Exercise aim: In the entries that follow, the line with "Jodhpur jail in" opens the range and the line with "The Gujarat High" closes it; repeat that range exactly, both lines included.

Dataset extract:

BEGIN

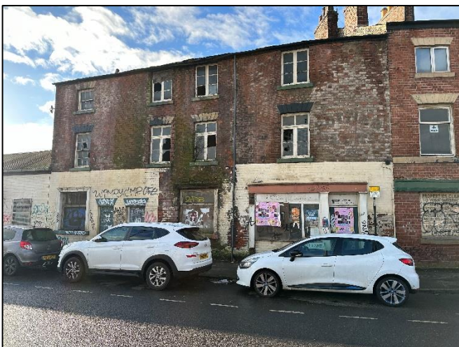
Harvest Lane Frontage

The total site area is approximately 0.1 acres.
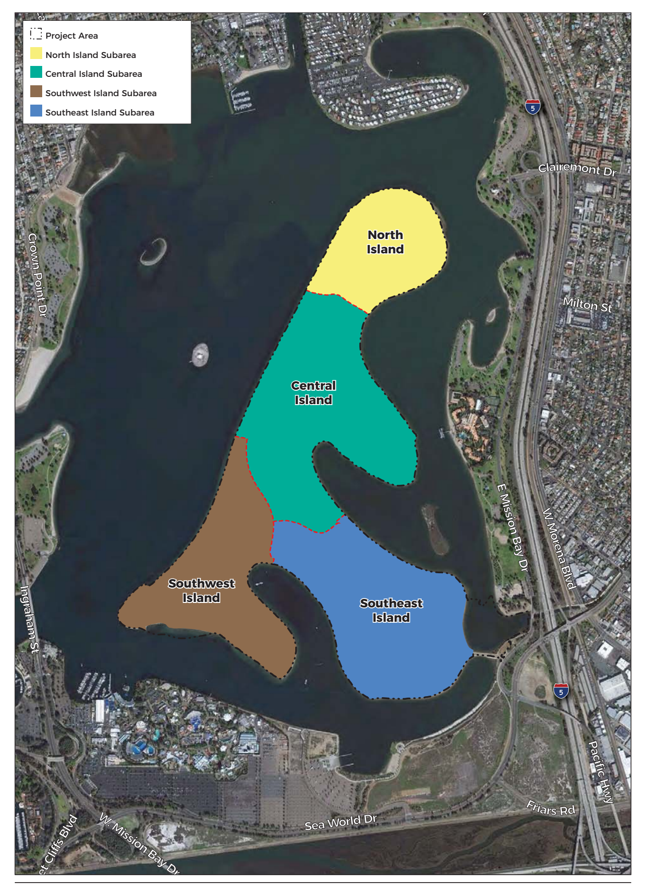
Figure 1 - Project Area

END
BEGIN

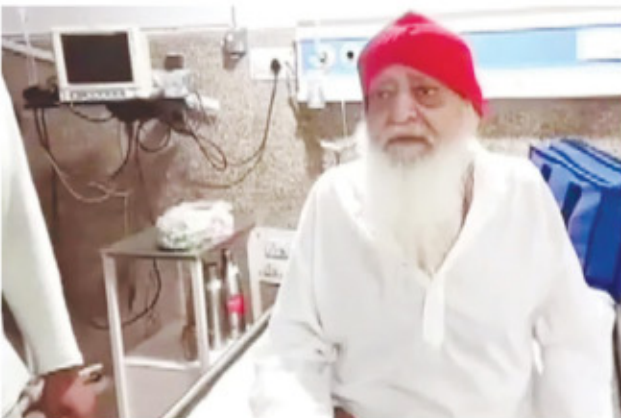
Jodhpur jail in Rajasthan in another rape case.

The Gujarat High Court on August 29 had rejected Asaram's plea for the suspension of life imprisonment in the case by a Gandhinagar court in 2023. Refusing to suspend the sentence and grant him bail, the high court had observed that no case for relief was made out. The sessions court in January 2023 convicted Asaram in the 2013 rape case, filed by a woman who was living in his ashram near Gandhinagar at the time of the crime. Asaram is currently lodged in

END

Task result:
Jodhpur jail in Rajasthan in another rape case.

The Gujarat High Court on August 29 had rejected Asaram's plea for the suspension of life imprisonment in the case by a Gandhinagar court in 2023. Refusing to suspend the sentence and grant him bail, the high court had observed that no case for relief was made out. The sessions court in January 2023 convicted Asaram in the 2013 rape case, filed by a woman who was living in his ashram near Gandhinagar at the time of the crime. Asaram is currently lodged in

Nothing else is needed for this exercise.